Wie oft sich allerdings hinter einem Leistenschmerz eine originäre Leistenpathologie verbirgt, die diesen Leistenschmerz auch auslöst, ist dagegen höchst umstritten. Die Angaben schwanken hier erheblich zwischen Hölmich [11], der in seinen Untersuchungen zum adduktorassoziierten Leistenschmerz von etwa 2 % tatsächlicher Leistenveränderungen ausgeht, und der Arbeitsgruppe um Muschaweck [21], die bei den von ihr behandelten Patienten ausschließlich Leistenpathologien fand.

Aufklärung darüber, mit wie vielen Leistenpathologien tatsächlich in der täglichen Praxis zu rechnen ist, gibt eine Arbeit der Arbeitsgruppe von Larson [15], die dieser Fragestellung auf sehr überzeugende Weise nachging. Im Ergebnis dieser Untersuchungen muss man bei einem Drittel der Sportler, die über Leistenschmerzen klagen, von einer direkten oder einer den Schmerz unterhaltenden Leistenpathologie ausgehen.

Der Übersicht halber sollten Erkrankungen, die direkt die Leistenregion betreffen, von extrainguinalen Erkrankungen getrennt werden.

Zu den inguinalen Ursachen des Leistenschmerzes zählen

  • 1. die Leistenhernie,
  • 2. die sog.

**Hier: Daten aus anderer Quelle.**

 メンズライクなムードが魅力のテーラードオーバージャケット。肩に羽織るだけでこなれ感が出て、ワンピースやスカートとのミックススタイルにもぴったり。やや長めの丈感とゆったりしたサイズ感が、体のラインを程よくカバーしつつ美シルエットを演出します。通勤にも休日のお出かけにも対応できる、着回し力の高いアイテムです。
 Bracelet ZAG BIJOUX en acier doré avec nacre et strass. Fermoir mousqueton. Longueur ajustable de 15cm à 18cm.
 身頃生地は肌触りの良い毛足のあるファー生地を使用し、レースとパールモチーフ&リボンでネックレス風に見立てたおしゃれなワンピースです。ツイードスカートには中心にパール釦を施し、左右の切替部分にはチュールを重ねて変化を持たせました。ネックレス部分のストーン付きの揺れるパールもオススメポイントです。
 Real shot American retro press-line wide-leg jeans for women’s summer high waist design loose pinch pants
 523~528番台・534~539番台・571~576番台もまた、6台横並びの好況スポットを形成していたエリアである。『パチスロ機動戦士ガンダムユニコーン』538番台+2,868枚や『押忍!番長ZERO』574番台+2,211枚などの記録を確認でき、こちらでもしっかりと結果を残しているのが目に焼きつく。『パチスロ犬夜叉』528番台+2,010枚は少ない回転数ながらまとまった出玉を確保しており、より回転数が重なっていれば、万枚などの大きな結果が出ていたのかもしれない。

Sportlerleiste und
  • 3. die Nervenkompressionssyndrome der Leiste.

Zu den extrainguinalen Ursachen gehören

  • 1. die leistennahen Muskelverletzungen,
  • 2. die Insertionstendinosen der Muskulatur,
  • 3. Hüfterkrankungen und
  • 4. die Veränderungen der Lendenwirbelsäule.

Inguinale Ursachen des chronischen Leistenschmerzes

Die Leistenhernie und
die Sportlerleiste

Der Leistenbruch gehört zu den Erkrankungen der Leistenregion, die sich durch eine häufig sichtbare, aber auch palpable Schwellung am äußeren Leistenring diagnostizieren lassen. Definiert ist der Leistenbruch als strukturelle Störung am inneren Leistenring (laterale Leistenhernie) bzw. als Defekt mit oder ohne sackartige Ausdünnung der die Hinterwand des Leistenkanals bildenden Faszia transversalis (mediale Leistenhernie).